Archive for the ‘potatoes’ Category

Hoarding

Saturday, November 7th, 2009

The market is ending next week so I went up and bought 25 pounds of potatoes. And we don’t even eat many potatoes. But everyone is out blowing leaves around on this beautiful fall morning, my amish Covered Bridge Farm friends are giving out free samples of their incredible eggnog and I got worried about having enough potatoes to last through the winter. Plus they were seconds so they were less than fifty cents a pound. Still…. well, it should be interesting to see how many I have left at the end of the winter.

I also bought a lovely whole duck and some short ribs. The hardest part about getting through the winter is worrying about getting good, local meat but it turns out the beef guy will deliver to Crocker Park once a month. If I plan accordingly, that ought to work out just fine.

Meantime, it is a lovely, warm fall day and the entire neighborhood is out attacking the leaves with their loud blowers; the town leaf-sucker is out and it is general mayhem. You’d think leaves were a scourge or something! It’s a little disturbing. I took a quiet walk through the woods this morning and crunched through the leaves — in their place, ready to crackle with frost and turn sodden after thaws. Making warm, fresh earth. And then there are all these poor suburban leaves, blown to the curb. It’s so loud out there, one really would prefer to stay inside — even on such a pretty day.

A Tale of Two Gratins

Tuesday, March 25th, 2008

My sister is in Paris for the year. I love saying that. It makes me feel very glamorous (imagine how she feels!). She is ensconced with her husband, Wes, in a tiny, lovely place just off Place de la Nation. They go to market and buy beautiful, fresh eggs and chickens. Wes buys a baguette every day. Sometimes he gets overexcited and buys two.

Anyway, my sister and I skype with our video cameras and it’s almost like being together. Luckily Susanna and Wes love food as much as we do (actually, maybe more). They called us from their Paris dining room to our Finger Lake kitchen and told us about their Easter meal. It would involve Maigrets of duck and a gratin and white asparagus.

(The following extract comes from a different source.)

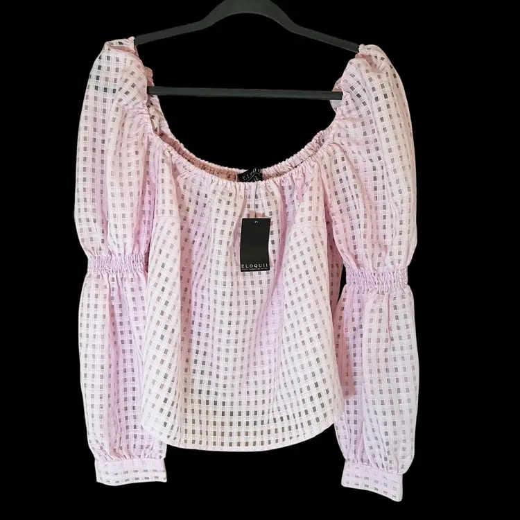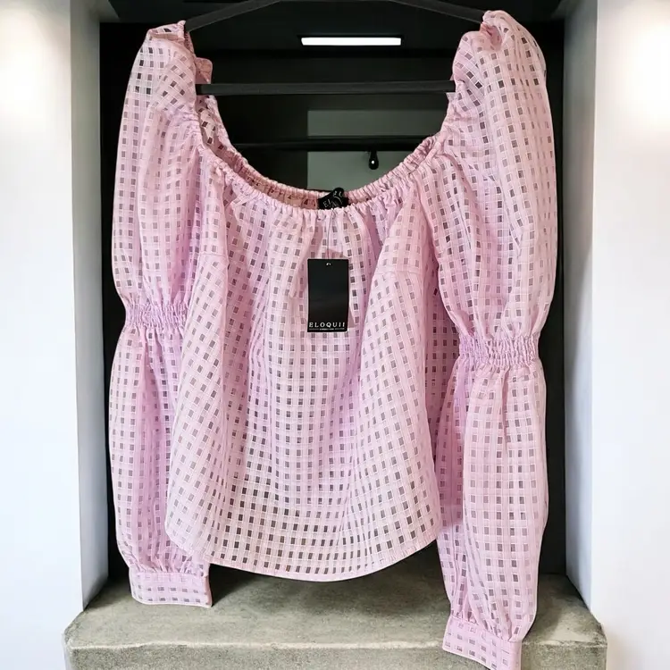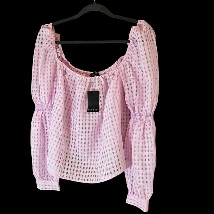 The NWT ELOQUII Square Neck Puff Sleeve Cutout Top Blouse in Pink, size 16, embodies the Barbiecore aesthetic with its solid pink color, puff sleeves, and cutout accents. This blouse is perfect for various occasions including travel, parties, casual outings, and business meetings. Made from lightweight and breathable polyester material, it features a regular fit and a pullover closure. The pink color and Barbie-inspired design make it a fun and fashionable choice for summer, fall, and spring seasons.

I was on the prowl for a gratin recipe and asked Susanna for it. But she thought she might make it first and then give it to me so I could post it. She was making a gratin based on the Union Square Cafe’s potato and gruyere gratin but was improvising because she didn’t bring her Union Square Cookbook with her to Paris. Note: this is a woman who packed so light she only brought one pair of earrings with her. She has reported in a later email that it turned out splendidly. The Union Square cafe’s original calls for 3 cups of heavy cream (ouch!). Susanna made hers with half cream and half whole milk. Much more reasonable, I say.

In any case, here is her version — complete with her narration.

Of course, I became obsessed with making a gratin of my own for our easter dinner. Our main course was going to be salmon with riesling butter sauce but Wegman’s had only farmed salmon and I couldn’t do it. So, I substituted halibut. It was terrific but I am getting sidetracked. The gratin I found on epicurious is made with mascarpone and dried porcini. I had to substitute dried portabellos because there had been a run on porcini (only at Wegman’s, I tell you). It ended up being a wonderful combination of the earthy mushrooms, the unctuous mascarpone, garlic, cream sauce and the tanginess of a very good parmigianno reggiano grated over all. Here is that one.

Easter evening came and even though we were time zones apart and by the time I was tucking into my gratin, seester was sound asleep in her cozy apartment, I cooked my way past that and thought happily of her while the sky outside darkened enough to show its stars. And those we share too.